--- The problem ---
If a record below holds a picture, drop the picture and restate everything else word for word.

--- Material provided ---
#####

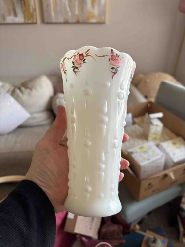Fenton Milk Glass Hobnail and Bead Hand-Painted Rose Vase
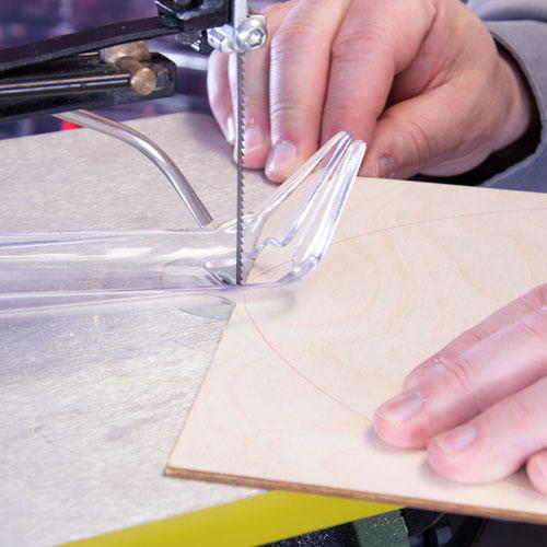 Cut Out the 7 Layers Use the scroll saw to cut out the 7 layers of the window. Be sure to use the thickness specified for each layer. To make the interior cuts for the window, battery compartment and arch windows, start by drilling a small hole inside of each of those areas. Insert the scroll saw blade through the hole and then cut out that area. Use a pencil to write the number of each layer on the front (e.g., in the lower right corner). This will make it easier for you to identify the layers referenced in these instructions.
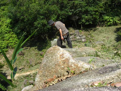福岡県行橋市の端っこ(と言ってもウチから車で5分ちょっとなんですが)にある国指定史跡の御所ヶ谷神籠石(ごしょがたにこうごいし)。 前も行ったんですが暇つぶしにまた行ってきました。 神籠石は九州北部から瀬戸内海沿岸に点在する謎の遺跡であります。 一応、行橋の神籠石は城壁や城門跡、貯水池などから「山城」と見られているようです。 663年に朝鮮半島の白村江の戦いに大敗した後、大陸からの侵攻を防ぐ為に大宰府に水城を築いたのはよく知られているかと思います。御所ヶ谷神籠石も水城と同時代に建設されたとされています。 博多が攻め込まれたら大宰府で迎撃というのが古代からの鉄板戦略であるように、小倉がやられたら京築で迎え撃つというのも実は定石の一つであります。 「車で5分のところにそんな遺跡があるなんてどんだけ田舎なん」というふざけたツッコミを蹴散らしながら御所ヶ岳の入り口まで車で登って行きましょう。 車を降りたらハイキングタイム。 足元で繰り広げられる食物連鎖を見て見ぬ振りをしつつ、道なき道を登ります。 5分もせんうちに息が切れ、足が重力を感じ始めますね。 お上はこのエリアをハイキングコースにしたいようですが無理。とても談笑しながら歩ける山道ではございません。 初めて来た時は調子こいてサンダルで来てどえらい目に遭っていたので今回はちゃんとスニーカー装備、余裕だぜ・・・。 中門です。「御所ヶ谷神籠石」をネットで検索すると大抵この角度からの写真が出てきます。 一所懸命に造ったにも関わらず、結局、大陸のヘタレどもは日本に上陸せず、結局、この山城計画も城壁と城門を築いた時点で放置されちゃった模様。 完成しておればもっとメジャーな史跡になれたものを・・・。 ちょうどここです。 城壁の上に立ってみると何故ここに山城を築いたか判るような気がしますね。 普通に苅田辺りまで見える。見通しの良い日なら朽網まで見えそうです。 小倉を占領して南下を始めれば平尾台を迂回して進む軍勢の動きが丸見え。 戦略的要衝というのがよく判ります。古代人、やりおるな。 神籠石のさらに上に登ると神社があり、その裏に建物跡がありました。 恐らく見張りか現場監督が寝泊りした小屋ではないかと想像。 建物跡には小さな祠が建てられていて、中にはお賽銭が。 僕も祖先を称える意味で入れておいたのは秘密だ・・。 日本人は何かこう、神聖な場所というか「神さま」が居そうだと感じた場所には何故かお賽銭を置く習慣がありますね。 それが普通の池であったり、木であったりする場合もあるから凄い。最初になんとなーく神聖だと感じた人が置いて、その後に神聖さを感じた人が次々と置いていくんだろうな、と。 誰かが強制したわけでもないのに自然とそこが神域になっていく、日本人のこういう感性は大事にしたいなぁと思うのであります。 昔、「日本は神の国である」と発言してブッ叩かれていた政治家がいましたが、その言葉の使い方の正誤は別として、僕はやっぱり日本はそこら中に「神さま」がいる国であり、そう在り続けるべきだと思うのですがいかが。 ところで全国の関係自治体が神籠石をもっとアピールしようと協力して「神籠石サミット」というのを開くそうです。 第三回サミットは10月にここ行橋で開かれ、「神籠石カレー」なる珍商品を出す計画だそうです。何故にカレーかなどと野暮なツッコミはなしで市販されたら買いますけ。 いかがでしたが、第一回京築探検隊。読まない人は読まないでしょうが、隙を見てまたやります。 その内、団長の「くわがたブログ」やOGYさんの「ラーメンブログ」を上回る脱線振りを見せたいと思っております。 PR |
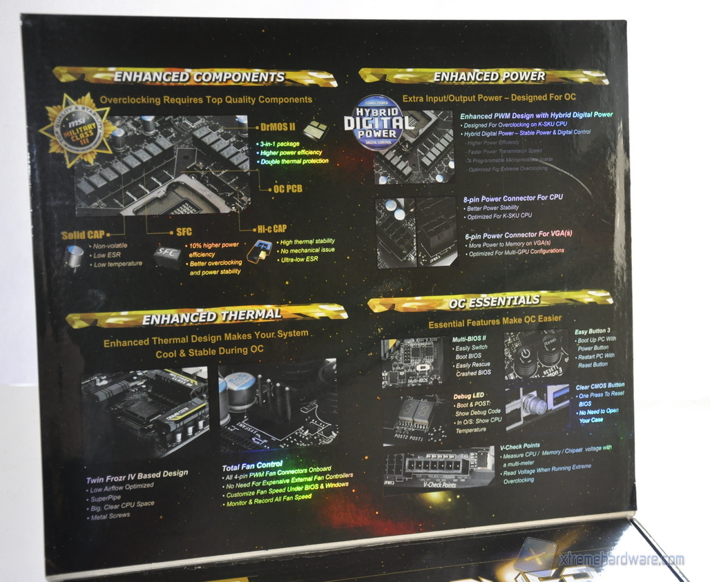 Il layout è ordinato e pulito. Gli spazi denotano uno studio accurato da parte degli ingegneri che l’hanno progettata. Spiccano i colori adottati nelle schede video della serie Lightning, con le caratteristiche strisce gialle su sfondo nero. Il connubio con queste schede video, nonché con le Avexir Core Mpower series che su licenza MSI riprendono lo stesso tema, sarà davvero perfetto, regalando agli appassionati di modding un PC dal design stupefacente, da mettere in bella mostra in un case finestrato o su un un banchetto.
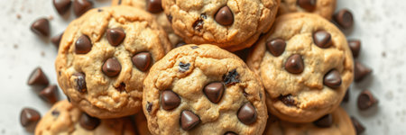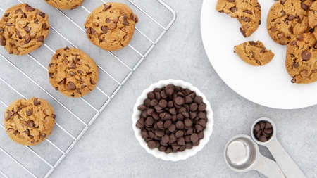 Above view of chocolate chip cookieswith crumble. Concept of sweet food, snack and unhealthy eating
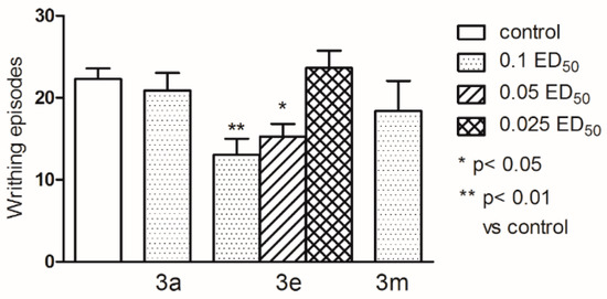 Strong impact on the behaviour of mice in this test was observed for compound 3e, which administered both in higher dose (0.1 ED50) and at twice less dose (0.05 ED50) caused very clear and statistically significant (respectively p < 0.01 and p < 0.05) reduction in the number of writhing episodes in mice (Figure 7).

#####

--- Response to this task ---
Fenton Milk Glass Hobnail and Bead Hand-Painted Rose Vase
 Cut Out the 7 Layers Use the scroll saw to cut out the 7 layers of the window. Be sure to use the thickness specified for each layer. To make the interior cuts for the window, battery compartment and arch windows, start by drilling a small hole inside of each of those areas. Insert the scroll saw blade through the hole and then cut out that area. Use a pencil to write the number of each layer on the front (e.g., in the lower right corner). This will make it easier for you to identify the layers referenced in these instructions.
福岡県行橋市の端っこ(と言ってもウチから車で5分ちょっとなんですが)にある国指定史跡の御所ヶ谷神籠石(ごしょがたにこうごいし)。 前も行ったんですが暇つぶしにまた行ってきました。 神籠石は九州北部から瀬戸内海沿岸に点在する謎の遺跡であります。 一応、行橋の神籠石は城壁や城門跡、貯水池などから「山城」と見られているようです。 663年に朝鮮半島の白村江の戦いに大敗した後、大陸からの侵攻を防ぐ為に大宰府に水城を築いたのはよく知られているかと思います。御所ヶ谷神籠石も水城と同時代に建設されたとされています。 博多が攻め込まれたら大宰府で迎撃というのが古代からの鉄板戦略であるように、小倉がやられたら京築で迎え撃つというのも実は定石の一つであります。 「車で5分のところにそんな遺跡があるなんてどんだけ田舎なん」というふざけたツッコミを蹴散らしながら御所ヶ岳の入り口まで車で登って行きましょう。 車を降りたらハイキングタイム。 足元で繰り広げられる食物連鎖を見て見ぬ振りをしつつ、道なき道を登ります。 5分もせんうちに息が切れ、足が重力を感じ始めますね。 お上はこのエリアをハイキングコースにしたいようですが無理。とても談笑しながら歩ける山道ではございません。 初めて来た時は調子こいてサンダルで来てどえらい目に遭っていたので今回はちゃんとスニーカー装備、余裕だぜ・・・。 中門です。「御所ヶ谷神籠石」をネットで検索すると大抵この角度からの写真が出てきます。 一所懸命に造ったにも関わらず、結局、大陸のヘタレどもは日本に上陸せず、結局、この山城計画も城壁と城門を築いた時点で放置されちゃった模様。 完成しておればもっとメジャーな史跡になれたものを・・・。 ちょうどここです。 城壁の上に立ってみると何故ここに山城を築いたか判るような気がしますね。 普通に苅田辺りまで見える。見通しの良い日なら朽網まで見えそうです。 小倉を占領して南下を始めれば平尾台を迂回して進む軍勢の動きが丸見え。 戦略的要衝というのがよく判ります。古代人、やりおるな。 神籠石のさらに上に登ると神社があり、その裏に建物跡がありました。 恐らく見張りか現場監督が寝泊りした小屋ではないかと想像。 建物跡には小さな祠が建てられていて、中にはお賽銭が。 僕も祖先を称える意味で入れておいたのは秘密だ・・。 日本人は何かこう、神聖な場所というか「神さま」が居そうだと感じた場所には何故かお賽銭を置く習慣がありますね。 それが普通の池であったり、木であったりする場合もあるから凄い。最初になんとなーく神聖だと感じた人が置いて、その後に神聖さを感じた人が次々と置いていくんだろうな、と。 誰かが強制したわけでもないのに自然とそこが神域になっていく、日本人のこういう感性は大事にしたいなぁと思うのであります。 昔、「日本は神の国である」と発言してブッ叩かれていた政治家がいましたが、その言葉の使い方の正誤は別として、僕はやっぱり日本はそこら中に「神さま」がいる国であり、そう在り続けるべきだと思うのですがいかが。 ところで全国の関係自治体が神籠石をもっとアピールしようと協力して「神籠石サミット」というのを開くそうです。 第三回サミットは10月にここ行橋で開かれ、「神籠石カレー」なる珍商品を出す計画だそうです。何故にカレーかなどと野暮なツッコミはなしで市販されたら買いますけ。 いかがでしたが、第一回京築探検隊。読まない人は読まないでしょうが、隙を見てまたやります。 その内、団長の「くわがたブログ」やOGYさんの「ラーメンブログ」を上回る脱線振りを見せたいと思っております。 PR |
 Il layout è ordinato e pulito. Gli spazi denotano uno studio accurato da parte degli ingegneri che l’hanno progettata. Spiccano i colori adottati nelle schede video della serie Lightning, con le caratteristiche strisce gialle su sfondo nero. Il connubio con queste schede video, nonché con le Avexir Core Mpower series che su licenza MSI riprendono lo stesso tema, sarà davvero perfetto, regalando agli appassionati di modding un PC dal design stupefacente, da mettere in bella mostra in un case finestrato o su un un banchetto.
 Above view of chocolate chip cookieswith crumble. Concept of sweet food, snack and unhealthy eating
 Strong impact on the behaviour of mice in this test was observed for compound 3e, which administered both in higher dose (0.1 ED50) and at twice less dose (0.05 ED50) caused very clear and statistically significant (respectively p < 0.01 and p < 0.05) reduction in the number of writhing episodes in mice (Figure 7).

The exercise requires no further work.